First some history. Fund managers in South Africa used to just be all about the All Share Index. That was a benchmark. In early 2000 commodities began to dominate and that was, as I understand, when the Swix Index was born.
MICHAEL DODD: Thanks for having me on again. It’s probably worth taking a bit of a step back on the whole process, as you say. I think over time we’ve seen the preferred industry standard benchmark shift around for South African equities in particular. When I came into the industry the All Share Index was very much equity managers’ preferred equity benchmark. And, as you say, around the mid-2000s there was a strong run in resources that saw the weights of those companies increase pretty significantly in the All Share Index at that point in time, and the industry shifted away from that more concentrated resource-heavy index towards the Swix, which follows a shareholder weighting methodology and is a methodology that was deemed to be more representative of the investible universe for South African investors.

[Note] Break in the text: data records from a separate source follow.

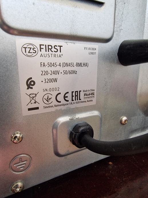 Prodam skoraj novo pečico FIRST z dvema električnima kuhalnima ploščama. Pečica za peko ni bila nikoli uporabljena, kar je razvidno tudi iz slik. Na kuhalnima ploščama pa se je kuhalo maksimalno 10x. Priloženi tudi vsi pripomočki...pekač in pribor za pečenje piščanca (pečica ima motor za vrtenje).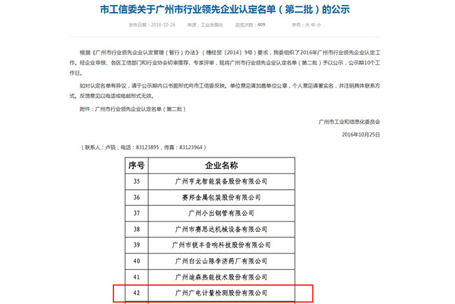 10月,根據(jù)《廣州市行業(yè)領先企業(yè)認定管理(暫行)辦法)》(穗經(jīng)貿[2014]9號)要求,經(jīng)廣州市工業(yè)和信息化委員會組織專家評審,廣電計量被認定為廣州市行業(yè)領先企業(yè)。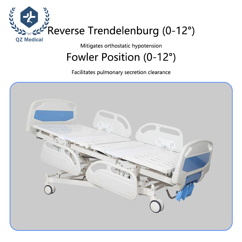 The bed supports controlled forward and backward tilt, assisting caregivers with repositioning, pressure relief, and special nursing procedures.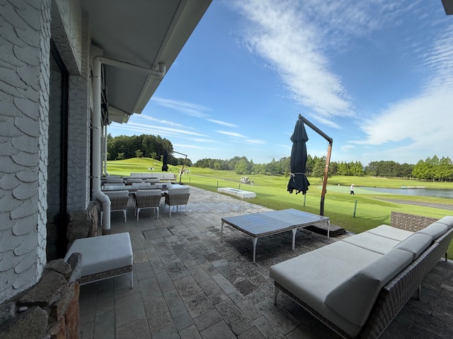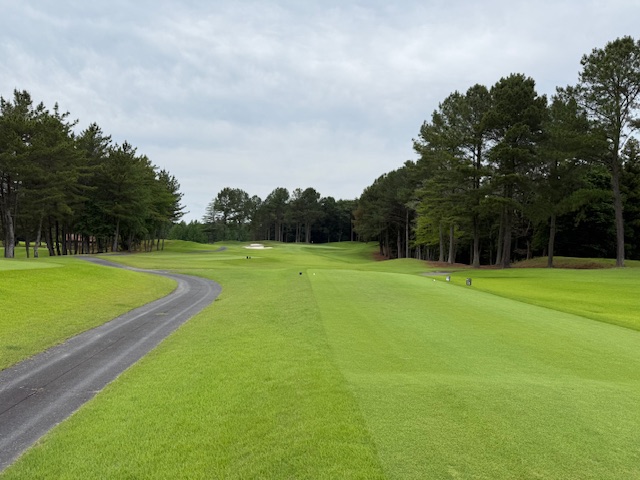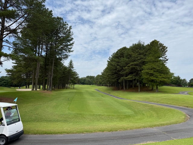 7番長い454yミドルは、ドライバーは左ラフへ。3wで残り50yへ。寄らず入らずボギー。ここをグリーン近くまで運ばれたM.Tさんがナイスアプでパー。
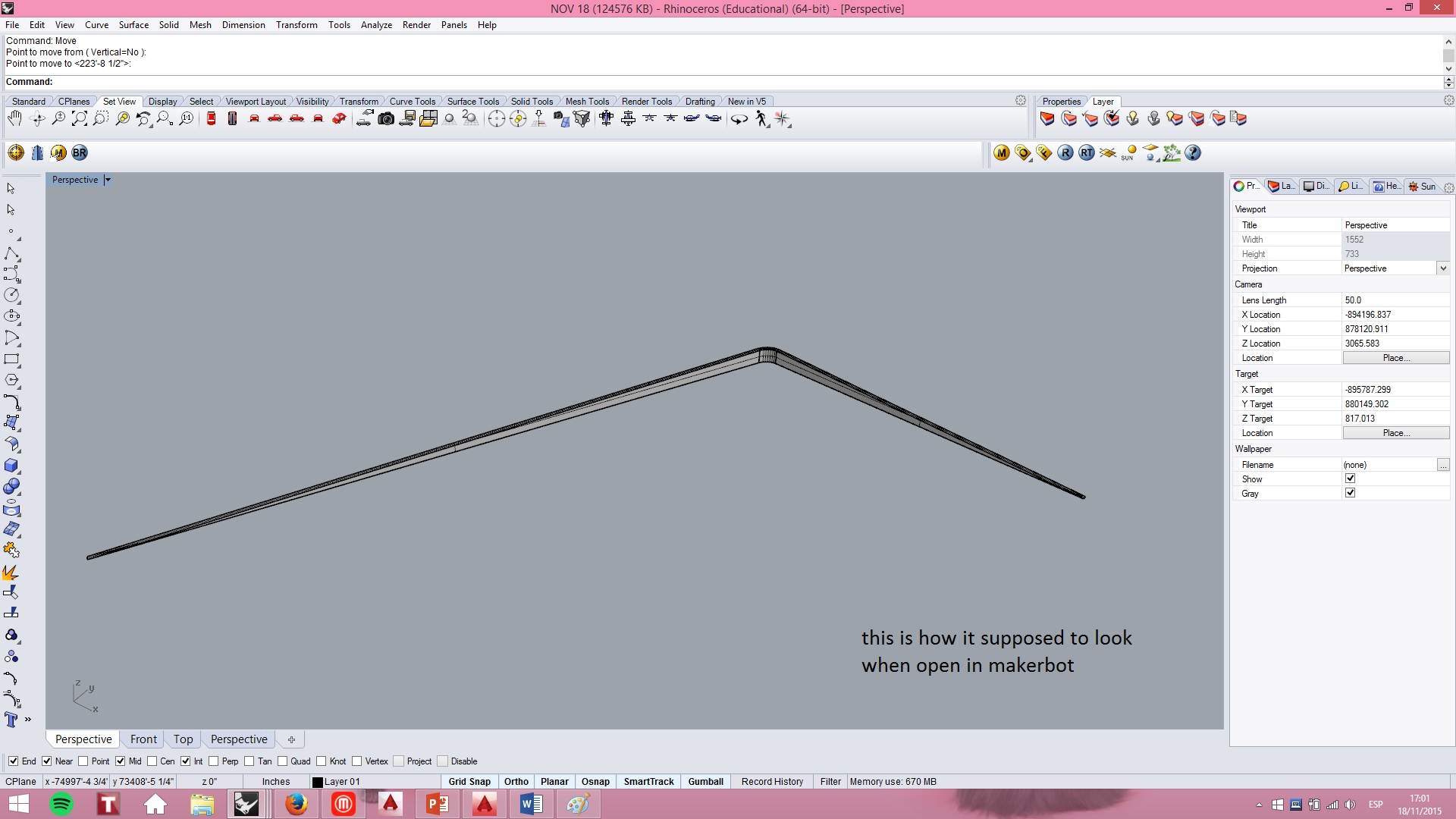 I have been using rhino and the makerbot for 3 months now. However, Im having trouble printing my file on the makerbot. Im having two different problems that I can manage to fix. Everytime I open my rhino file on makerbot it shows some of the surfaces black, and in some other cases the entire model comes out curved and weird… Im attaching photos to explain my problem…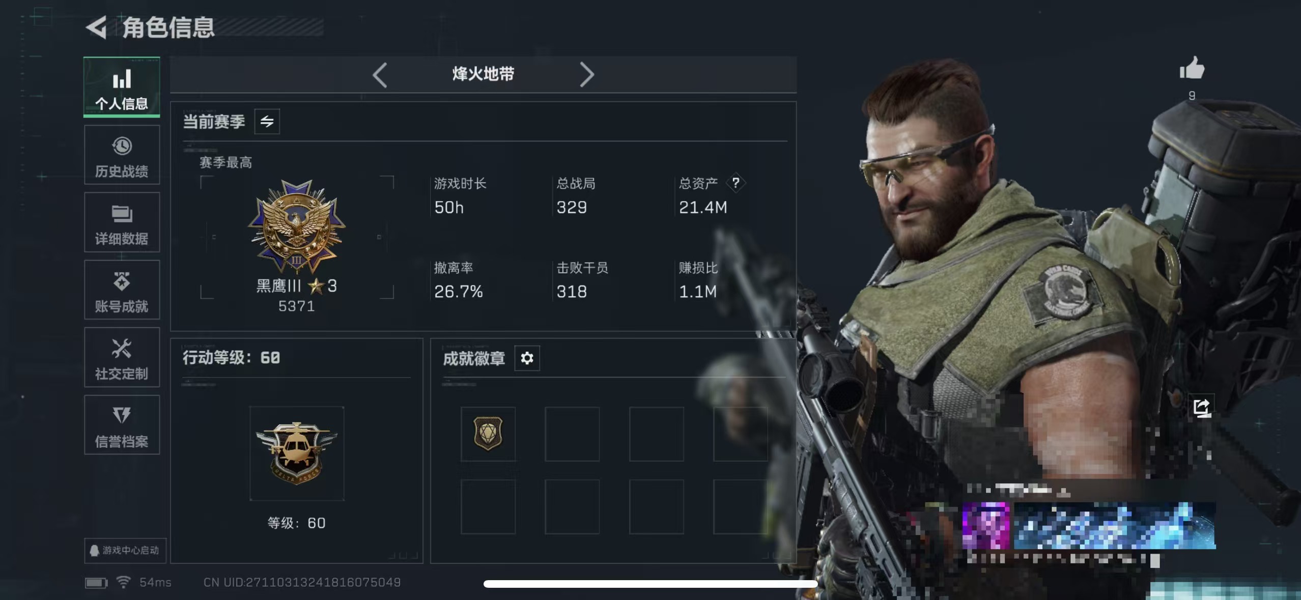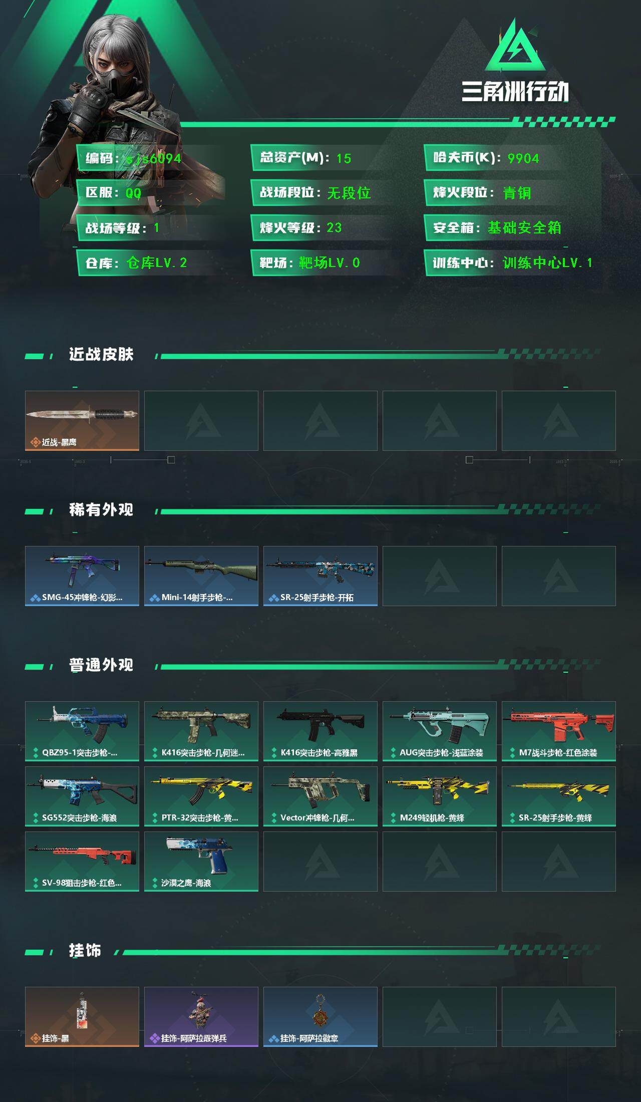 精品小号 烽火地带段位: 青铜 全面战场段位: 无段位 总资产: 15000000 哈夫币: 9904000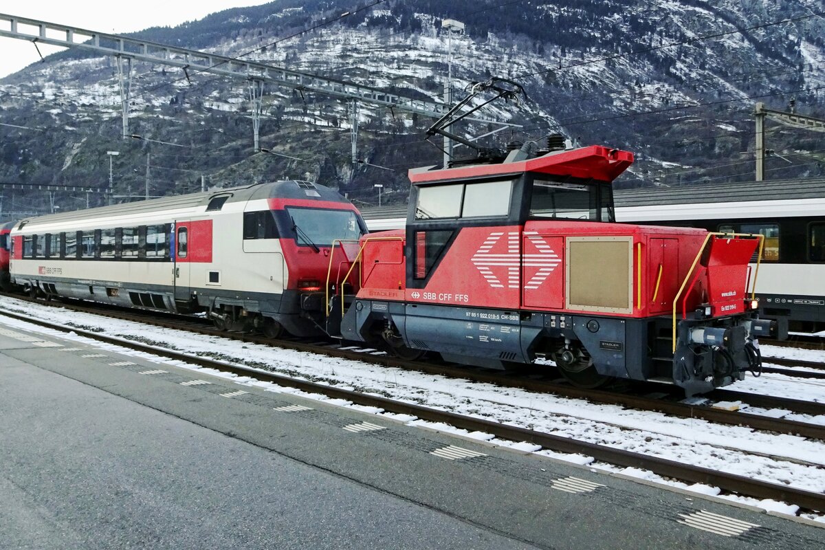 Die 3 Routen zwischen Zürich und Oerlikon: Auf der Brücke, die von "Hardbrücke" Richtung Käferberg und Oerlikon führt, rangiert eine Komposition mit der kleinen Ee 922 009. Aufnahme bei baldigem Untergang der Sonne aus einem von Zürich wegfahrenden Zug (daher die Spiegelungen). 5.März 2025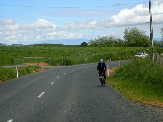 空は広く、緑の牧場が広いので、平らに見えるのですが、実はなかなかの坂道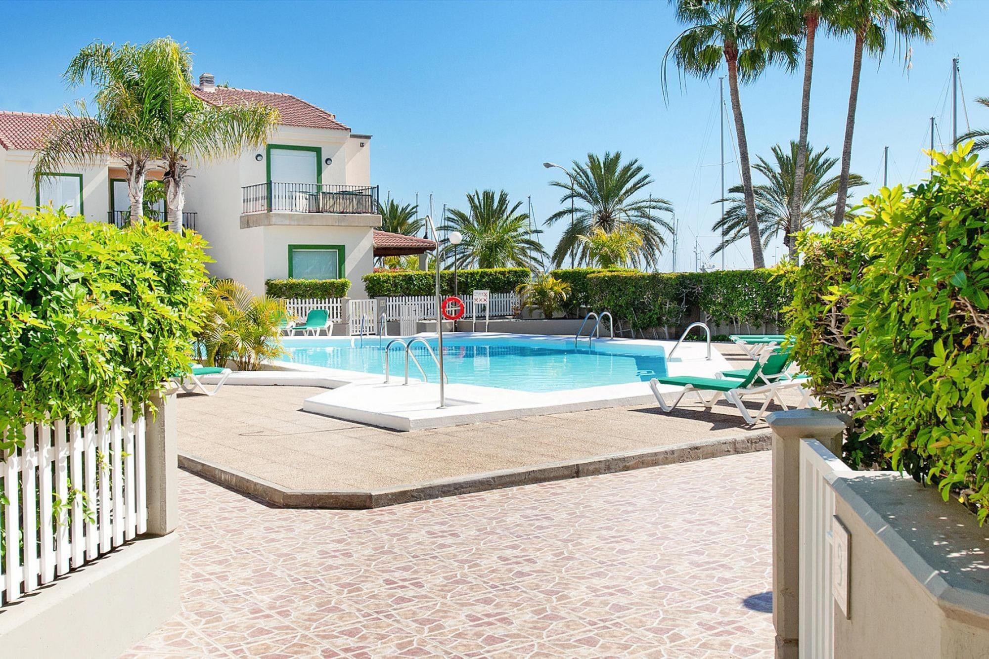 In der malerisch gelegenen privaten Marina verbringen Sie Ihren Urlaub im modernen zweistöckigen Bungalow. Lassen Sie sich von dem zauberhaften Ambiente einfangen. Am besten starten Sie den Tag mit einem ausgedehnten Frühstück auf der teilüberdachten Terrasse. Von hier können Sie den ganzen Tag zusehen, wie die Atlantikwellen die schicken Boote im Hafen hin und her schaukeln. Gerade am Abend kreiert diese spektakuläre Kulisse eine wirklich außergewöhnliche Atmosphäre. Auch vom Balkon haben Sie einen uneingeschränkten Blick auf die tolle Szene. In Ihrem modernen und komfortabel ausgestatteten Ferienhaus bleiben Ihnen keine Wünsche offen, auf 140 Quadratmetern haben Sie viele Rückzugsmöglichkeiten. Erfrischen Sie sich im gemeinschaftlichen Außenpool oder machen sie einen kurzen Spaziergang zum Sandstrand. Eine kurze Fahrt vom Urlaubsort Playa de las Meloneras entfernt befindet sich der Jachthafen von Pasito Blanco. Der moderne Jachthafen ist sechs Kilometer westlich von Maspalomas gelegen. Neben einigen Ferienhäusern, einer Pension und einem Supermarkt gibt es eine Segelschule sowie einen privaten Campingplatz. Zum Baden lädt eine kleine Sandbucht ein. Mobilität: nicht geeignet für Personen mit eingeschränkter Mobilität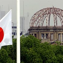 (Photo: The Japanese national flag flutters at half-mast in the foreground of the atomic bomb dome at the Hiroshima Peace Memorial Park, in western Japan. Credit: Reuters)
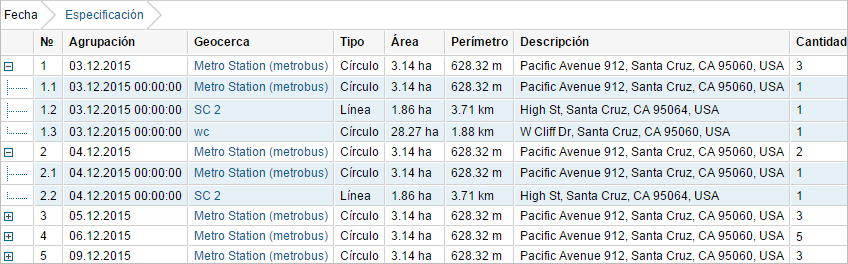 Tomemos el intervalo temporal de 3 a 9 de diciembre. De la tabla de abajo se ve, que, por ejemplo, el 3 de diciembre se han omitido 3 puntos y el 4 de diciembre — 2. El hecho de no haber en la tabla los días 7 y 8 de diciembre significa, que no se ha omitido ni una geocerca estos dos días. Las celdas con los nombres de geocercas se muestran azules, lo que permite mover a los primeros puntos de estas geocercas en el mapa por un clic en sus nombres.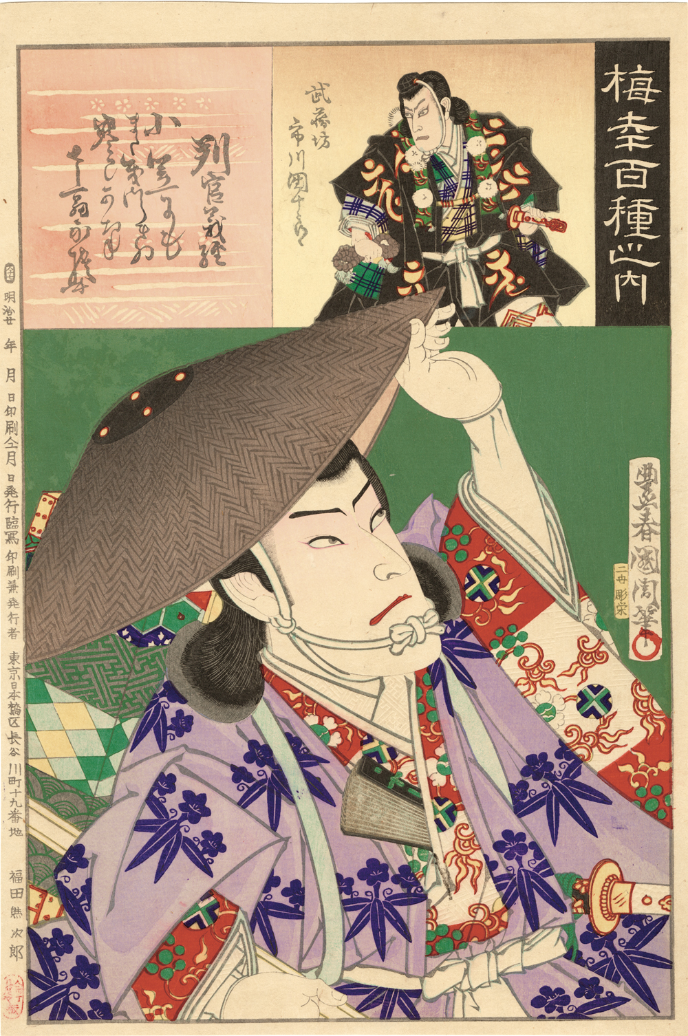 国周は周信及び豊国三代の門人で、小島烏水によって「明治の写楽」と称せられる。3枚続に役者一人を描くという新しい構成は国周が創始したとされる。明治期における役者絵浮世絵師の代表的存在であり、作品数も多く、明治演劇史の資料としても大変価値がある。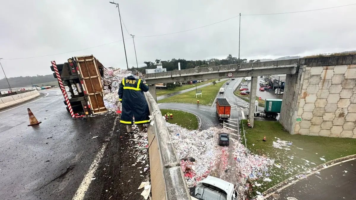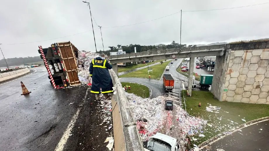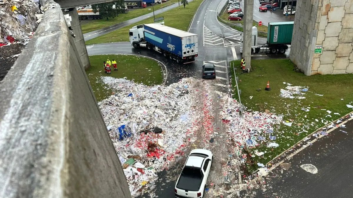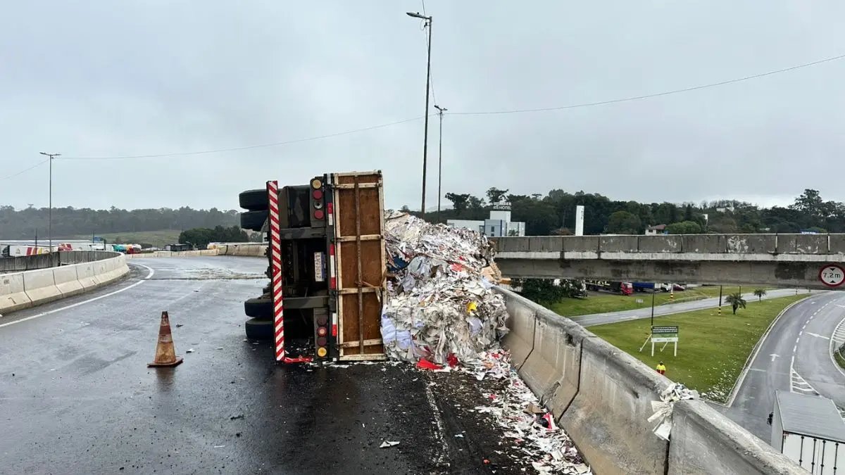Um caminhão que transportava material reciclável tombou por volta das 11h40 desta segunda-feira (28) no viaduto da BR-480, na entrada de Chapecó, no Oeste de Santa Catarina. O acidente comprometeu o trânsito na região e, segundo o policial rodoviário federal Jocelito Novais, ainda não há previsão para liberação da via.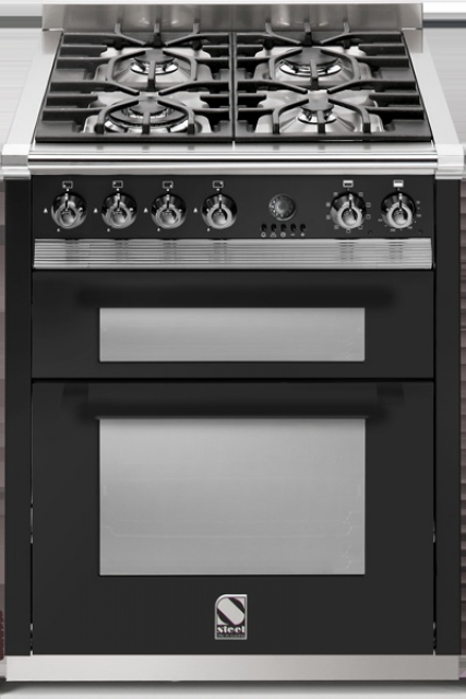 Steel Ascot 70, Rangecooker, Farbe Schwarz, 70 cm, Multifunktions-Backofen, 2 Öfen, 4 Gasbrenner, A7FF-4BA, mit 5 Jahren Garantie!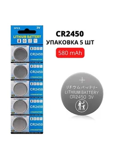 Батарейка литиевая CR2450 3V, 580 mAh, уп. 5 шт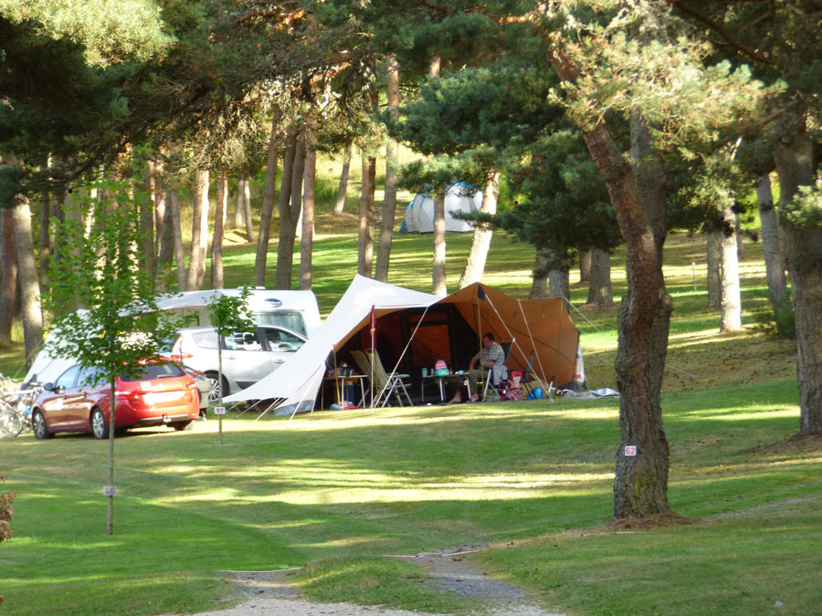 De grands emplacements, au soleil, en bord de rivière, ou semi ombragé sous les pins pour les campeurs en tentes, camping-cars ou caravanes.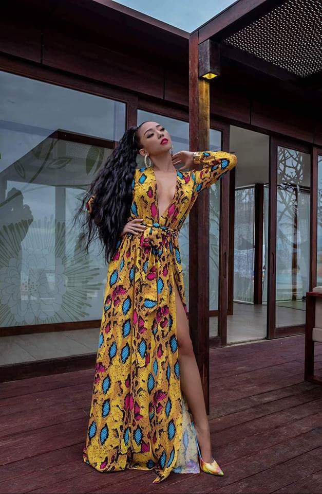 Tóc Tiên đốt mắt người nhìn với bộ váy vàng đúng mốt mùa hè. Phần ngực xẻ sâu tới rốn khoe trọn đôi gò bồng đào, tà váy cũng cắt cao, giúp tôn lên đôi chân thẳng tắp của người đẹp.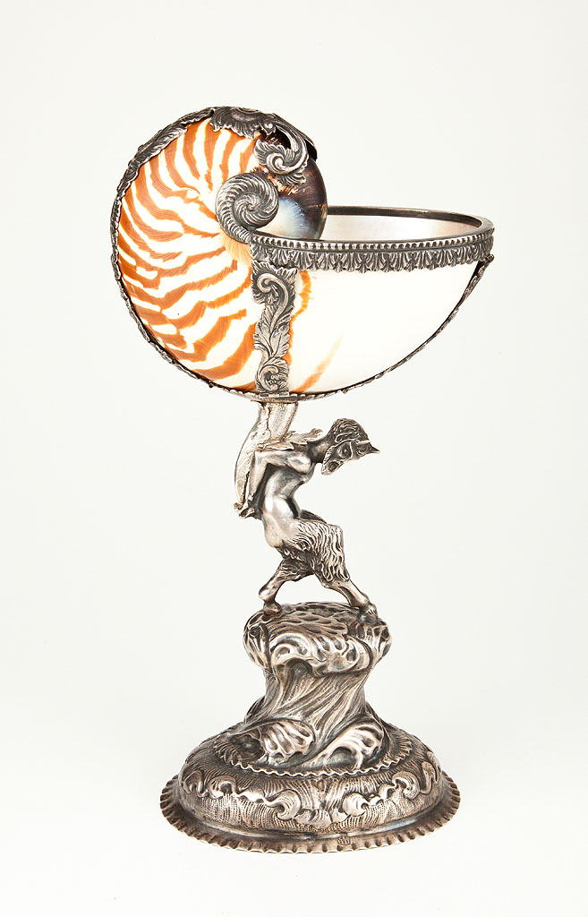 Na owalnej, wysklepionej stopie, zdobionej grzywami fal morskich. Trzon w formie figurki brodatego bożka Pana, z rogami i koźlimi nóżkami, niosącego na grzbiecie czarę z muszli, ujętej listwami srebrnymi, dekorowanymi motywem akantu, palmet, perełek i wolut. Niemcy; złotnik „IGD”- cecha wpisana w treflowy kontur.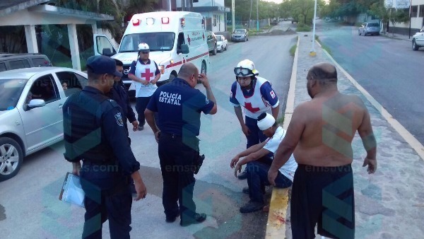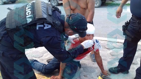 Por el lugar iban pasando elementos de la Policía Estatal, quienes le brindaron las primeras atenciones, y después se hicieron cargo los socorristas de la Cruz Roja, éstos trasladaron al herido a la base para darle unas puntadas en la herida, ya que sangraba mucho.

That generally worked for a while until we saw the meteoric rise of Naspers, which saw that peak in the Swix at I suppose the peak of its powers around 2017, where it was about a quarter of the index, 25%. So the same concentration risk came about in a different way, single-stock concentration risk within the Swix. In response the South African asset management industry effectively asked the JSE to launch a new capped version of that index. That happened in 2016 and their shares were capped at around 10%, and that’s generally where the preferred South African equity manager benchmark is at the moment.
SIMON BROWN: The Swix free float – free float as I understand. So for example, Anglo American holds, and I forget the number, a bunch of Kumba. That holding from Anglo American is no longer counted in the Kumba market capitalisation; I can’t buy it because it’s held by Anglo American.
MICHAEL DODD: That’s right. So I think the free-float methodology, quite simply, differs from the All Share, or what the JSE is calling its ‘vanilla indices’ versus their Swix variants. So the vanilla indices [are] things like your Top 40, being your All Share index. And then you have for all of those JSE benchmarks or JSE indices a Swix variant of those particular indexes, and the Swix versions effectively use a free-float waiting methodology. So that basically takes the register on straight. So basically the shares that are available to South African investors and aren’t; it adjusts for things like Anglo’s holding in Kumba and where other listed entities are holders of other entities, but also adjusts for foreign shareholder listings.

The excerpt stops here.